Selasa 09 May 2023 08:11 WIB

Masuk ke Singapura tidak Perlu Tunjukkan Paspor, Ini Penggantinya

Peraturan ini berlaku untuk turis yang melintasi pos pemeriksaan darat Singapura.

Rep: Noer Qomariah Kusumawardhani/ Red: Natalia Endah Hapsari
Mulai awal 2024, para pelancong yang melintasi pos pemeriksaan darat Singapura dengan mobil akan dapat melewati imigrasi di pos pemeriksaan Tuas dan Woodlands tanpa paspor. Sebagai gantinya, mereka menggunakan kode QR./ilustrasi
Foto: EPA-EFE / HOW HWEE YOUNG
Mulai awal 2024, para pelancong yang melintasi pos pemeriksaan darat Singapura dengan mobil akan dapat melewati imigrasi di pos pemeriksaan Tuas dan Woodlands tanpa paspor. Sebagai gantinya, mereka menggunakan kode QR./ilustrasi

REPUBLIKA.CO.ID, JAKARTA---Mulai awal 2024, para pelancong yang melintasi pos pemeriksaan darat Singapura dengan mobil, akan dapat melewati imigrasi di pos pemeriksaan Tuas dan Woodlands tanpa paspor. Sebagai gantinya, mereka menggunakan kode QR.

Langkah ini diumumkan oleh Otoritas Imigrasi dan Pos Pemeriksaan (ICA) Singapura pekan lalu. Ini sebagai bagian dari Konsep Izin Baru yang diumumkan pada tahun 2019, dan akan digunakan untuk memfasilitasi para pelancong yang meninggalkan Singapura melalui jalur darat.

Baca Juga

Tetapi tentu saja, mereka yang masuk ke Malaysia masih harus melalui pemeriksaan lain yang masih memerlukan paspor, setidaknya untuk saat ini.

Dilansir dari Mashable SE Asia, Selasa (9/5/2023), para wisatawan yang berada di dalam mobil akan menggunakan Automated Passenger In-Car Clearance System (APICS) baru yang dikembangkan oleh Home Team Science and Technology Agency (HTX). Sedangkan mereka yang berada dalam bus akan mengandalkan Automated Border Control System (ABCS) di ruang penumpang.

Semuanya akan dilakukan secara mandiri pada akhirnya. Selama tahap awal peluncuran sistem APICS, pengemudi mobil dan penumpang akan diminta untuk membuat profil dan kode QR terkait melalui aplikasi MyICA, yang kemudian akan dipindai di konter dengan kehadiran petugas untuk melakukan pemeriksaan citra wajah untuk verifikasi.

Setelah lebih banyak jalur APICS khusus dipasang di kedua pos pemeriksaan, pelancong hanya perlu memindai kode QR sendiri, dan bahkan memproses wajah mereka tanpa harus ada petugas yang berwenang.

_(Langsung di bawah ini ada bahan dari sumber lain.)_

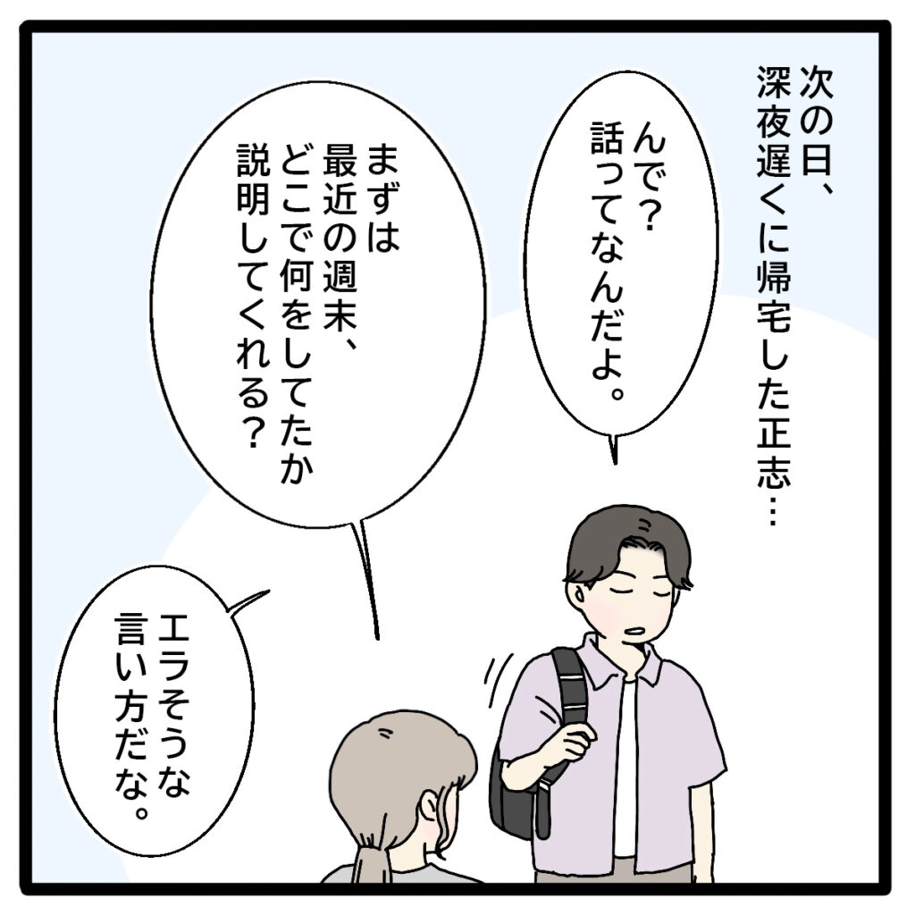 結局、正志が帰ってきたのは翌日の深夜遅くでした。「んで?話ってなんだよ」帰ってくるなり面倒くさそうにする正志に、私は「まずは最近の週末、どこで何をしてたか説明してくれる?」と問いかけます。正志は私を横目でにらむと「エラそうな言い方だな」と悪態をつきました。

Selama uji coba langsung yang dilakukan tahun lalu di pos pemeriksaan Woodlands, ICA mencatat bahwa 94 persen pelancong dapat memproses sendiri di pos pemeriksaan tanpa memerlukan bantuan petugas. Selain itu, banyak yang setuju bahwa sistem lebih cepat dan lebih intuitif untuk dilalui dibandingkan dengan proses pemeriksaan tradisional.

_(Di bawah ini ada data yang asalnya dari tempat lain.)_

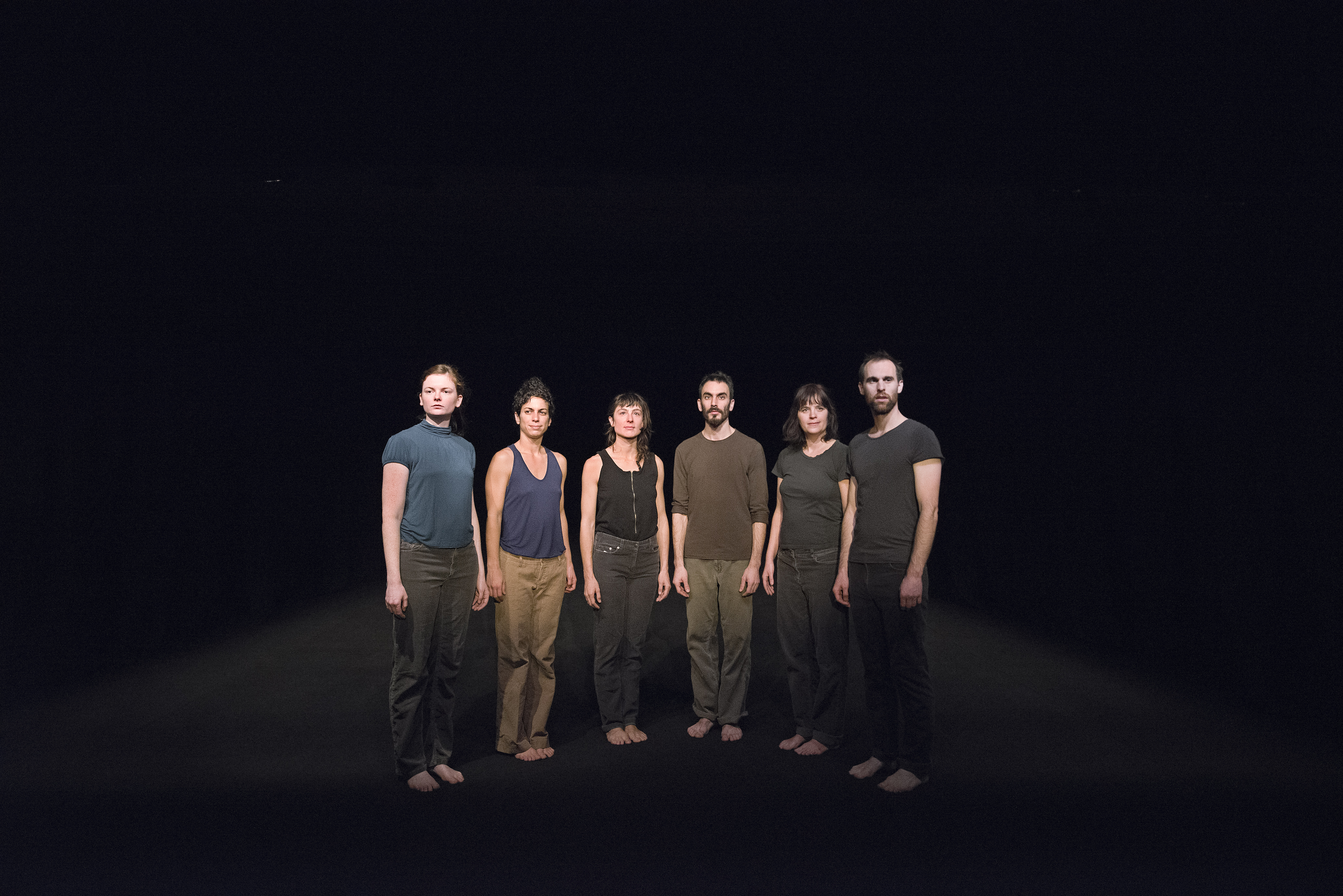 Un chœur, non un groupe uniforme ou encore fusionnel, ni même une série d’individus, mais une image d’un petit peuple d’interprètes unis et séparés qui pose devant nous du commun autant que du singulier : du commun sans rien de commun. Sur une même ligne certes, mais à des places différentes, dans une même posture mais avec des attitudes variées, une station donc, mais des êtres debout. Mais encore, une même direction avec des regards divergeants, une liste de mots mais soumise à des inflexions de voix, un affect mais des affections, une allure mais des vêtements, un espace mais des occupations diverses, un point de vue donc, et des interprétations.

Untuk sistem ABCS, ICA bermaksud  mengganti loket pemeriksaan manual di ruang penumpang di kedua pos pemeriksaan dengan loket otomatis, dengan sekitar 800 jalur otomatis dijadwalkan beroperasi mulai kuartal pertama tahun 2024. Berbeda dengan sistem APICS, sistem ABCS tidak memerlukan kode QR untuk verifikasi, dan akan lebih mengandalkan biometrik yang diambil dari pengunjung saat masuk ke Singapura.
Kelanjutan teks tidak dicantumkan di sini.